More disclosure and less ability to hide liability

More disclosure and less ability to hide liability | Insurance Business New Zealand

More disclosure and less ability to hide liability

Last year, ICNZ members began a project to develop credible, future climate change scenarios to map their potential impacts on the general insurance sector.

Individual members will be able to draw on that work to assess the possible impacts of climate change on their own underwriting and investment portfolios. This will enable them to begin publicly disclosing their exposure to climate change in line with the Financial Sector (Climate-related Disclosures and Other Matters) Amendment Act. Reporting will focus on governance arrangements, risk management, strategy as well as the metrics and targets they are using to manage their own climate change exposure.

Other sectors have similar reporting obligations, so investors and underwriters will be better informed about the level of climate exposure they want to accept and to take advantage of the opportunities that are presented. Greater transparency and improved pricing of climate risks will be critical to driving change to a low carbon economy alongside regulatory changes and shifting consumer preferences. 

As the Chair of the G20’s Financial Stability Board puts it: “…to safeguard financial stability and ensure the financing needed for the transition to net zero, it is key that climate related financial risk are adequately priced in financial contracts. This is crucial because financial contracts price the future, and that future is about to undergo fundamental change.”

Certain large entities, including insurers, will be required to report to standards set by the External Reporting Board (XRB). The Financial Markets Authority will have a monitoring and enforcement role.

Hopefully, emphasis is placed in the first instance on supporting compliance and promoting good outcomes rather than being punitive as best practise becomes well understood and followed. This is because reporting entities will need to collect data they have not collected before and develop new systems to support their reporting obligations in what will be cutting edge reporting globally.

Mandatory climate disclosures will therefore create a new set of statutory liabilities for those required to report.

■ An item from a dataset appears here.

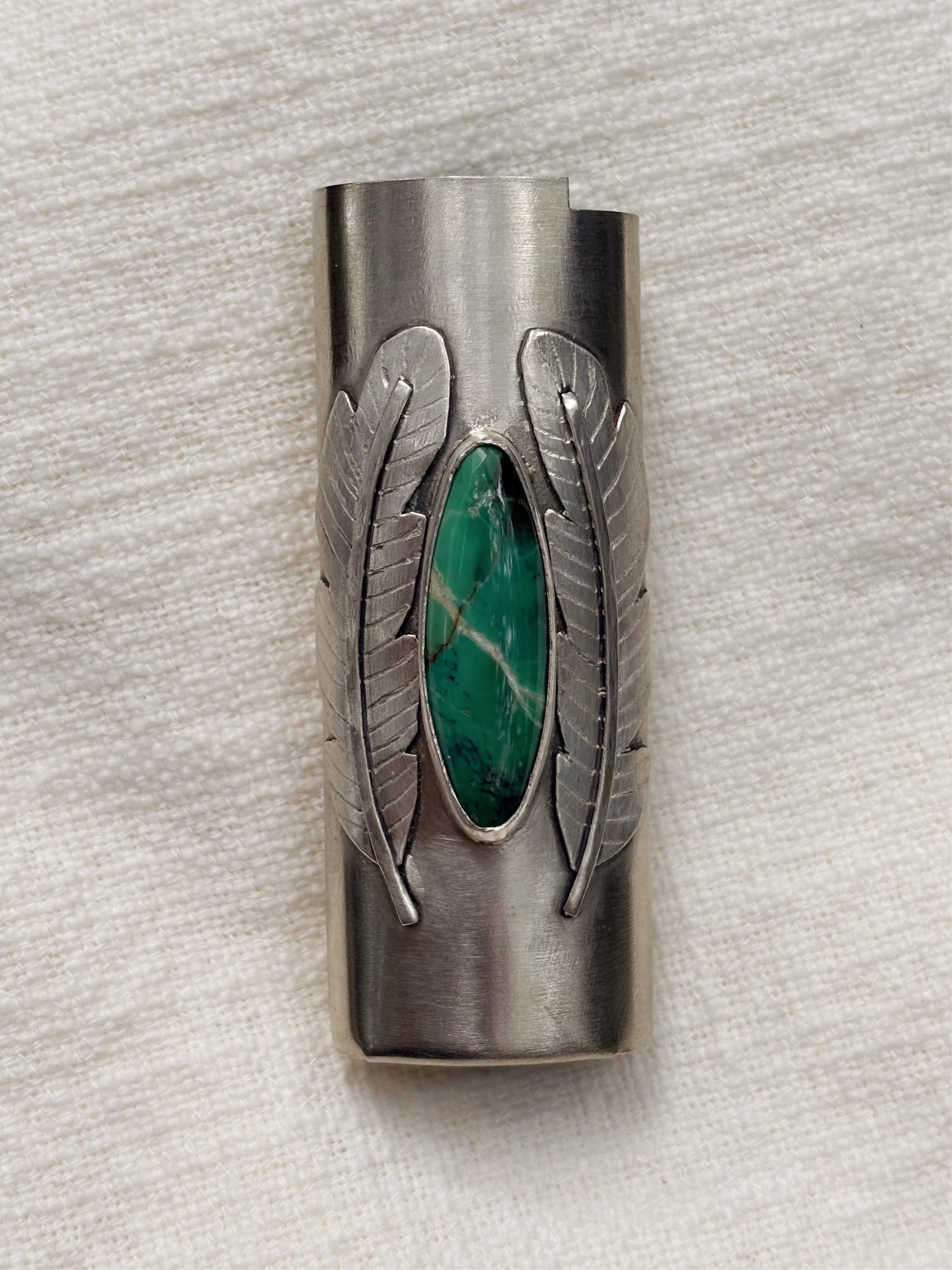 Nickel lighter case adorned with hand carved sterling silver feathers & Variscite. Fits Bic lighters. The ultimate statement piece for the classiest of stoners ;)

The fact that an entity may not be required explicitly under the climate change disclosure law to report their climate change exposures does not mean it is immune to liability risks.

A legal opinion from Chapman Tripp says New Zealand company directors and managers of registered investment schemes are required to consider and manage material climate related financial risk when taking business and investment decisions.

Nor does liability rest with the investment sector. The weight of scientific evidence and numerous reports are building an increasingly clear picture that makes it foreseeable that certain adverse outcomes will occur if, for instance:

  • Authorities consented building in high-risk locations.
  • A sector fails to reduce greenhouse gas emissions when it could reasonably have been expected to do so.
  • Engineering and construction companies failed to anticipate climate change impacts in their design of structures.

In response to changing consumer preferences, claims to be carbon neutral or environmentally friendly will appear in advertising to promote products and services. Inevitably, some of these claims will misrepresent the facts opening the door to litigation.

Directors more generally though will face wider obligations. The Companies (Directors Duties) Amendment Bill amends the Companies Act to make it clear that a director can take into account wider matters other than the financial bottom-line. These include the principles of Te Tiriti o Waitangi, environmental impacts, good corporate ethics, being a good employer and acting in the interests of the wider community.

This potentially widens the net further for what is expected of directors when it comes to climate impact considerations and disclosures. All this circles back on something quite unique for insurers to consider in terms of climate disclosure reporting, that is, the litigation risk to the customers they are providing liability cover to.

Just as a cyber liability underwriter may want to gauge the vulnerability of a company’s IT systems, policies and procedures, so we can expect questions to be asked about the extent to which climate risks have been assessed and managed. This too will contribute to improving climate change disclosure where no legislative mandate is in place.